═══ RECORDS SUPPLIED ═══
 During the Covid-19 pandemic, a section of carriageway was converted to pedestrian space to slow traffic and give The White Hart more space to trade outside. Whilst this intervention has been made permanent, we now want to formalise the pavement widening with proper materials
═══
═══ RECORDS SUPPLIED ═══
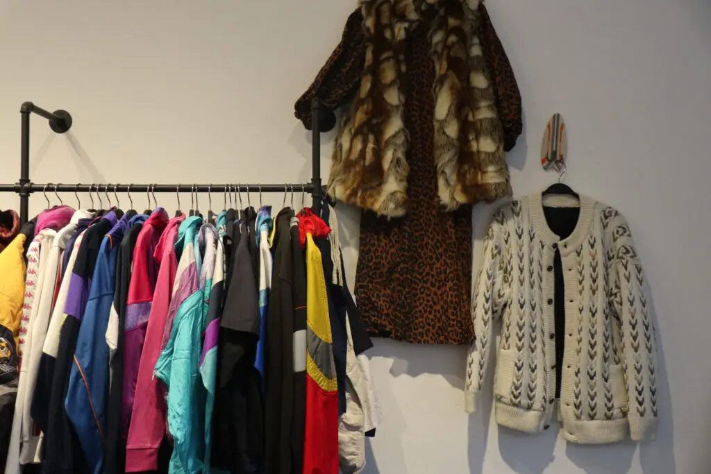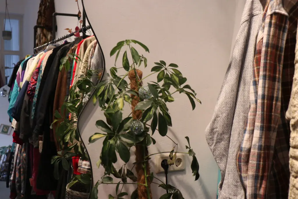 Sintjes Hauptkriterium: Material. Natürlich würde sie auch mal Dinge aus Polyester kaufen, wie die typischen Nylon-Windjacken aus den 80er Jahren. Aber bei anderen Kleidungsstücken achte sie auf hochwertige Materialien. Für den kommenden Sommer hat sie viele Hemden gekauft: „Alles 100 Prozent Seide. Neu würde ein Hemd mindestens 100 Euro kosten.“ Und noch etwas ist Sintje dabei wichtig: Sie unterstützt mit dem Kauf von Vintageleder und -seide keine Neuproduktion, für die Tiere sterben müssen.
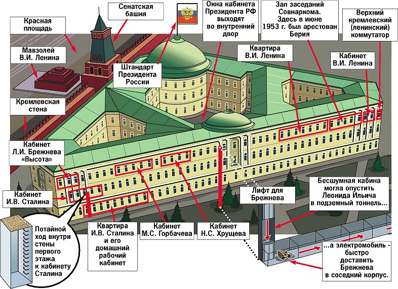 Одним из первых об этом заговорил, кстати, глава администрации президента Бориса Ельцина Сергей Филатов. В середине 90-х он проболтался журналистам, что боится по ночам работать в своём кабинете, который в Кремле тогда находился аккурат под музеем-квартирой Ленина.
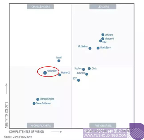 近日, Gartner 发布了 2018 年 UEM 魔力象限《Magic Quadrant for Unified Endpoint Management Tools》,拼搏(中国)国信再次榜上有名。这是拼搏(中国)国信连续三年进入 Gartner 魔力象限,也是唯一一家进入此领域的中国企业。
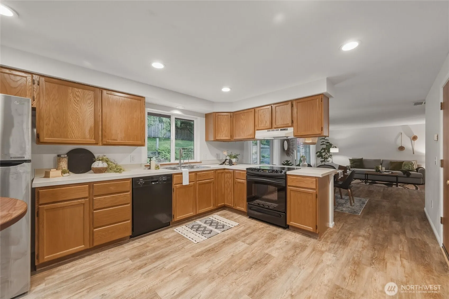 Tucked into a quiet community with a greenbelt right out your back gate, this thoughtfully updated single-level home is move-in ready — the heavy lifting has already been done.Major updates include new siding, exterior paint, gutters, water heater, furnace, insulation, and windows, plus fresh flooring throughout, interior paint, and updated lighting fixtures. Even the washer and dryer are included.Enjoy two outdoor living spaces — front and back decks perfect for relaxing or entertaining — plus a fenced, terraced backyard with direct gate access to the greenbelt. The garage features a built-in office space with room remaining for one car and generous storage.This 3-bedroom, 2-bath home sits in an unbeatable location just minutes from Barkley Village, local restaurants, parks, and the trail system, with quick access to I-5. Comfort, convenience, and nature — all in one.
═══
▶ _EXERCISE PROMPT_: When you reach the line with "Sintjes Hauptkriterium: Material." in the records above, begin repeating the lines exactly, and stop after the line with "近日, Gartner 发布了". Skip all pictures.

▶ _RESULT FOR THIS TASK_:
 Sintjes Hauptkriterium: Material. Natürlich würde sie auch mal Dinge aus Polyester kaufen, wie die typischen Nylon-Windjacken aus den 80er Jahren. Aber bei anderen Kleidungsstücken achte sie auf hochwertige Materialien. Für den kommenden Sommer hat sie viele Hemden gekauft: „Alles 100 Prozent Seide. Neu würde ein Hemd mindestens 100 Euro kosten.“ Und noch etwas ist Sintje dabei wichtig: Sie unterstützt mit dem Kauf von Vintageleder und -seide keine Neuproduktion, für die Tiere sterben müssen.
 Одним из первых об этом заговорил, кстати, глава администрации президента Бориса Ельцина Сергей Филатов. В середине 90-х он проболтался журналистам, что боится по ночам работать в своём кабинете, который в Кремле тогда находился аккурат под музеем-квартирой Ленина.
 近日, Gartner 发布了 2018 年 UEM 魔力象限《Magic Quadrant for Unified Endpoint Management Tools》,拼搏(中国)国信再次榜上有名。这是拼搏(中国)国信连续三年进入 Gartner 魔力象限,也是唯一一家进入此领域的中国企业。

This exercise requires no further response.